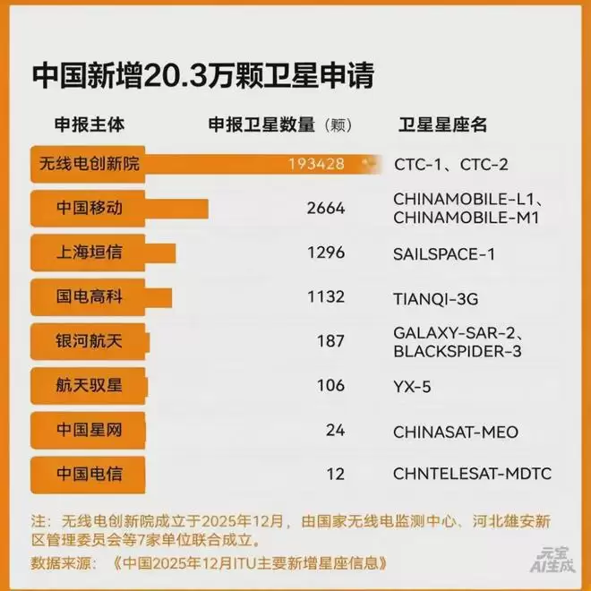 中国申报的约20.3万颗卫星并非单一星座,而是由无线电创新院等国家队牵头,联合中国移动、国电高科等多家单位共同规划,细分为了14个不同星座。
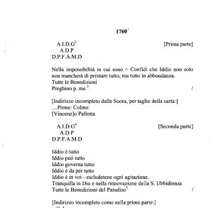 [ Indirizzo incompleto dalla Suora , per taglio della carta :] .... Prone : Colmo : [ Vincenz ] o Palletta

* * *

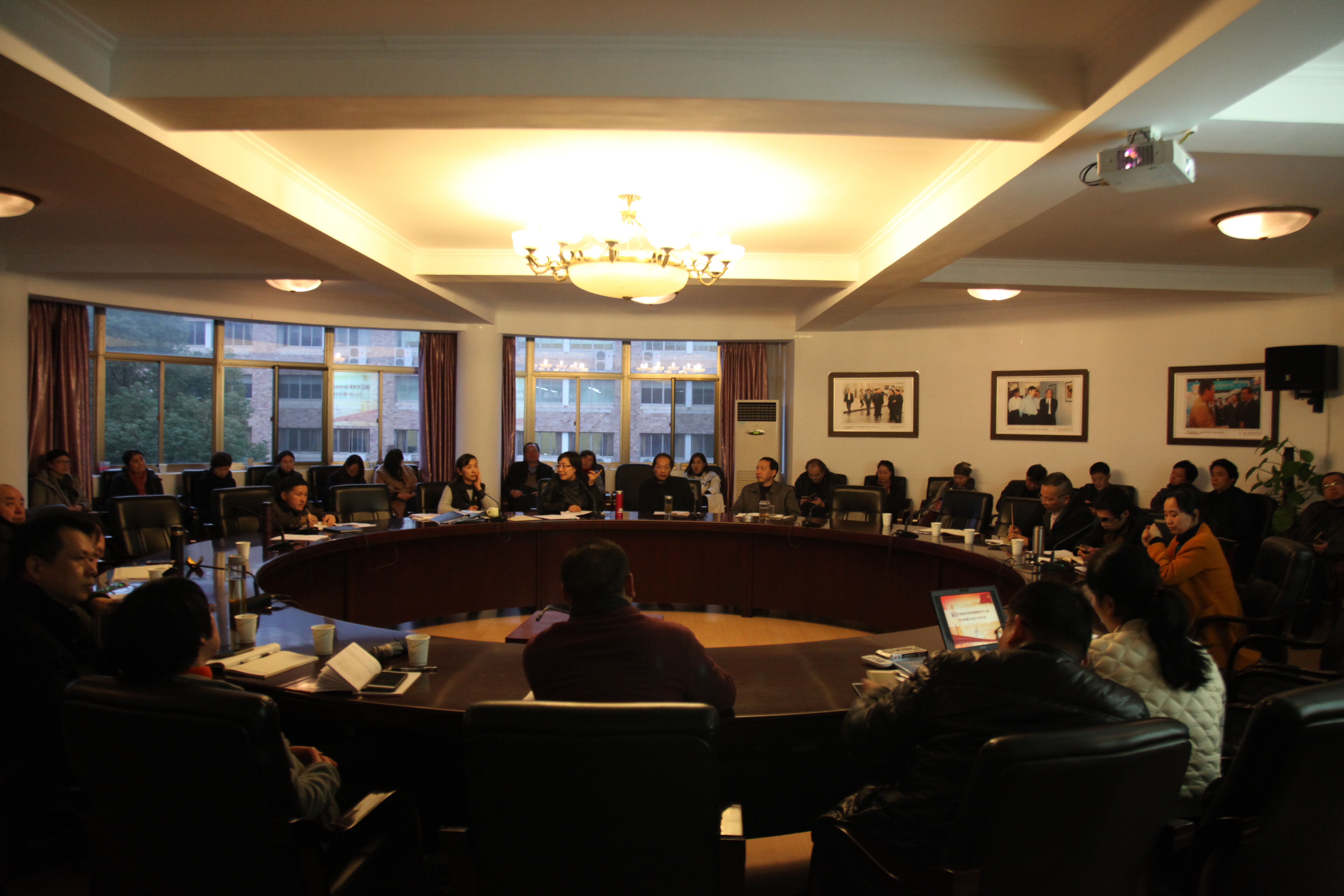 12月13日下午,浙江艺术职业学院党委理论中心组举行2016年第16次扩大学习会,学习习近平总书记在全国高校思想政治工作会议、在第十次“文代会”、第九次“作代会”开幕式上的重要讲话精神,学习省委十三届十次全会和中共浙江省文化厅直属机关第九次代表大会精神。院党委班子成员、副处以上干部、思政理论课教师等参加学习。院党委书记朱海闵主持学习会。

--- YOUR GOAL ---
Starting at the line above that has "中国申报的约20.3万颗卫星" and ending at the line that has "[ Indirizzo incompleto", copy each line exactly, leaving the pictures out and adding nothing.

--- OUTPUT FOR THIS TASK ---
 中国申报的约20.3万颗卫星并非单一星座,而是由无线电创新院等国家队牵头,联合中国移动、国电高科等多家单位共同规划,细分为了14个不同星座。
 [ Indirizzo incompleto dalla Suora , per taglio della carta :] .... Prone : Colmo : [ Vincenz ] o Palletta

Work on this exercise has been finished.